Release Date: 11/07/2012 08:00
Code(s): MND
Wrap Text

Mondi Limited Mondi plc
(Incorporated in the Republic of South Africa) (Incorporated in England and Wales) (Registration number: 1967/013038/06) (Registration number: 6209386) JSE share code: MND ISIN: ZAE000156550 JSE share code: MNP ISIN: GB00B1CRLC47 LSE share code: MNDI 11 July 2012
As part of the dual listed company structure, Mondi Limited and Mondi plc (together Mondi Group or the Group) notify both the JSE Limited (JSE) and the London Stock Exchange (LSE) of matters required to be disclosed under the JSE Listings Requirements and/or the Disclosure Rules and Transparency Rules and/or the Listing Rules of the United Kingdom Listing Authority.

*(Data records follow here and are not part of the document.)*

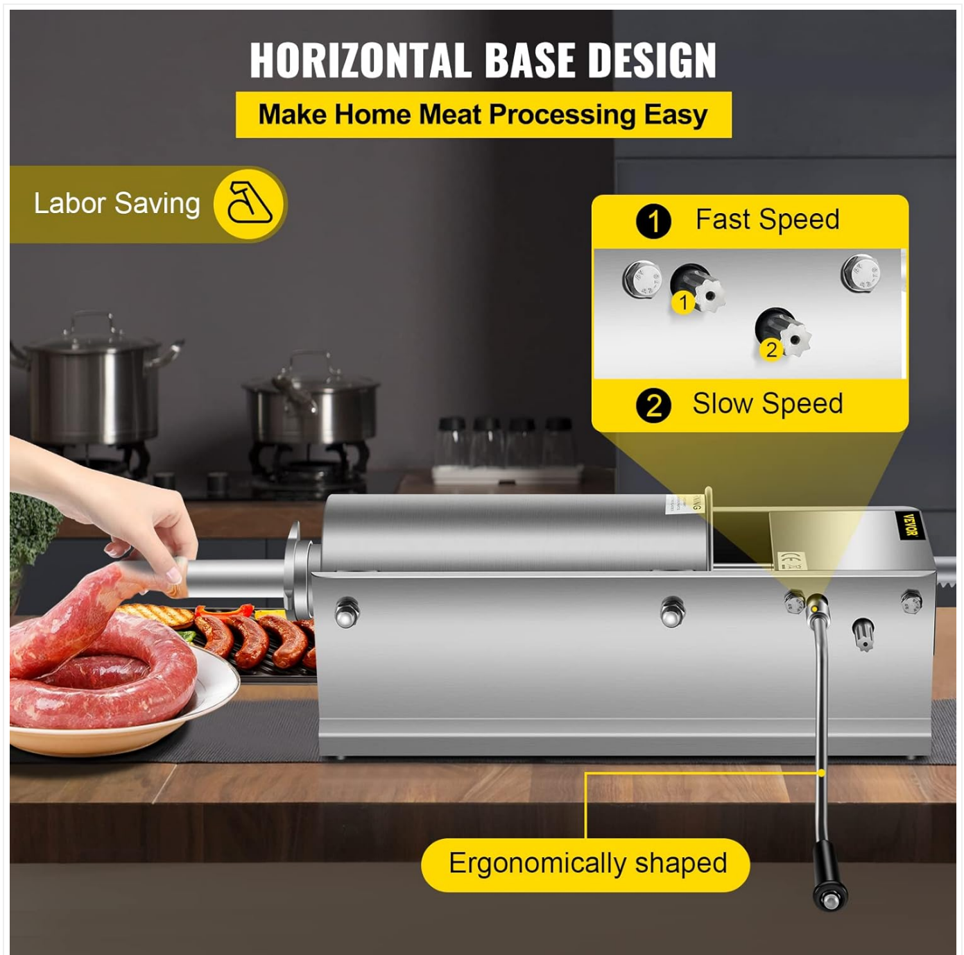
Image: The VEVOR 5L Horizontal Manual Sausage Stuffer demonstrating its horizontal design, ergonomic handle, and dual-speed settings (Fast Speed and Slow Speed) for efficient and controlled operation.
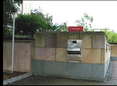
Outside return chute open all the time
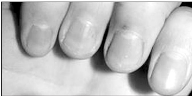
Same patient after 3 months on HPU treatment
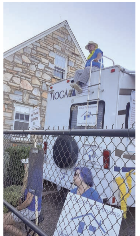
One of the Allies with a yellow lei, needed a better view.

"Co-locating services at the site and providing supportive housing in a new, modern facility aligns with county strategies to prevent and end homelessness in the Fairfax-Falls Church community," the advisory committee said on the Fairfax County website.
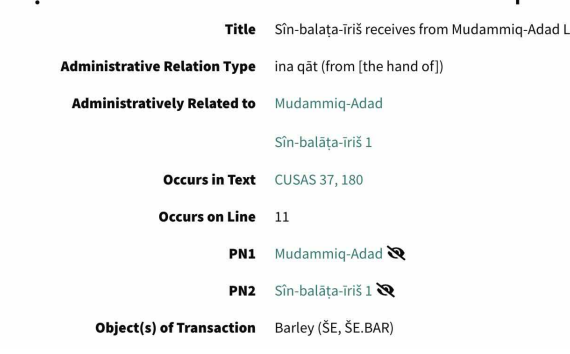
Figure 3: A record exemplifying the textual representation of a relationship factoid (second line of the search results in Fig. 2).
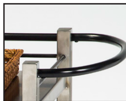
Black Epoxy Coated Push Handles and Shelf Rails

MONDI GROUP TO ACQUIRE 93.4% OF NORDENIA INTERNATIONAL AG
Mondi Group, a leading international paper and packaging company, is pleased to announce it has agreed to acquire 93.4% of the outstanding share capital of Nordenia International AG ("Nordenia" or the Company) from funds managed by Oaktree Capital Management, L.P.(1) (Oaktree) and certain other minority shareholders for a total cash consideration of EUR240 million (the Acquisition). In addition, Mondi Group will assume EUR398 million of debt and debt-like liabilities(2) implying an enterprise value for 100% of the Company of EUR655 million(3).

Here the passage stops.